WASHINGTON, Aug 29 (Reuters) – The U.S. Treasury Department on Tuesday released detailed guidance on wage and apprenticeship requirements for projects using clean energy tax credits, providing flexibility for fixing underpayment errors and for projects unable to hire apprentices.
The proposed new Internal Revenue Service rules for construction of clean energy production and manufacturing facilities build on initial guidance last year in the Inflation Reduction Act, which has enabled the announcement of more than $110 billion worth of clean energy manufacturing investments.
By paying the prevailing wage based on Labor Department rules and ensuring the use of qualified apprentices, companies can earn five times the baseline value of tax credits for IRA-qualified projects.
“The notice of proposed rulemaking (that) Treasury’s releasing today provides employers and workers with more clarity on the IRS’s guardrails, incentivizing employers to adopt worker-centered practices and ensures compliance is streamlined,” U.S. Deputy Treasury Secretary Wally Adeyemo told reporters.

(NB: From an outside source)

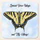 Personalize with your own expression, text or name on this design of a black and yellow Western Swallowtail butterfly, one of the most beautiful large butterflies in the world, floating on a blue sky with puffy white couds. My original painting is based on photographs I took in my own butterfly-friendly garden in the Southwest. You can customize this design by removing the sky background or replacing it with a color.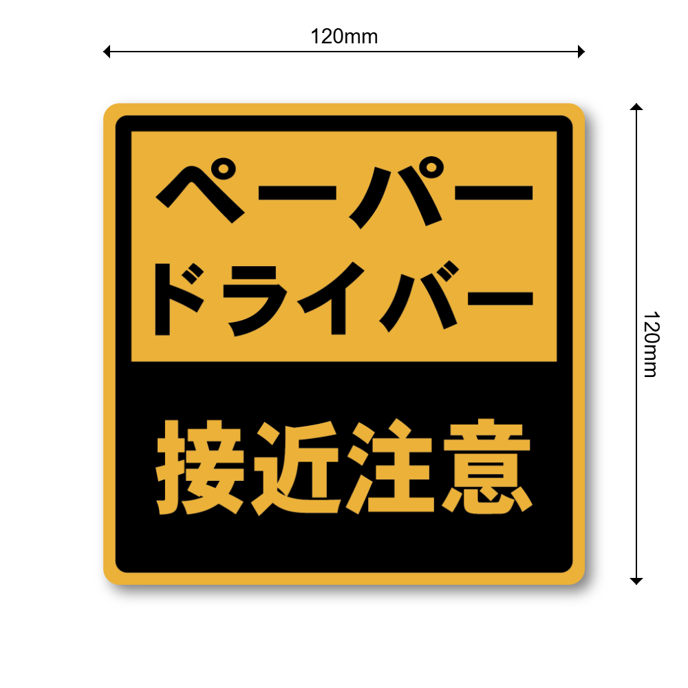 標識風デザインで「ペーパードライバー」を分かりやすく伝える:黄×黒の高コントラストで視認性に配慮した、車用のペーパードライバーアピールステッカーです。「ペーパードライバー」の表示で、周囲に状況をシンプルに伝え、落ち着いて運転したい時のサポートに。後方車両への注意喚起にもなり、通勤・買い物・送迎など日常の運転シーンに取り入れやすいデザインです。

Among key new details released are provisions to waive penalties for companies that pay less than an area’s prevailing wage if they correct the error within 30 days of becoming aware it, or before they apply for the tax credit. The company must pay back wages, plus interest.
For qualifying facilities being built with project labor agreements, which often involve strong union job protections, developers can correct wage errors without penalty if they do so before applying for tax credits. Treasury officials said this would most likely encourage the use of more project labor agreements on IRA job sites.
Another key provision announced on Tuesday is a “good faith” exception from using registered apprenticeship programs if there is none available in the project’s location. The act requires 12.5% of project labor hours to be performed by qualified apprentices for construction beginning in 2023 and 15% for those starting in 2024 or thereafter – provisions aimed at incentivizing the training of more skilled construction workers.
Clean energy executives have raised concerns about the potential for labor shortages and a lack of apprenticeship programs in some areas.
Under the new guidance, project owners can still qualify for the full tax credit value if they demonstrate a “good faith effort” to meet the requirements, including making written requests to qualified programs.
The Treasury and IRS will collect written public comments on the proposed rules until Oct. 30, with a public hearing scheduled for Nov. 21.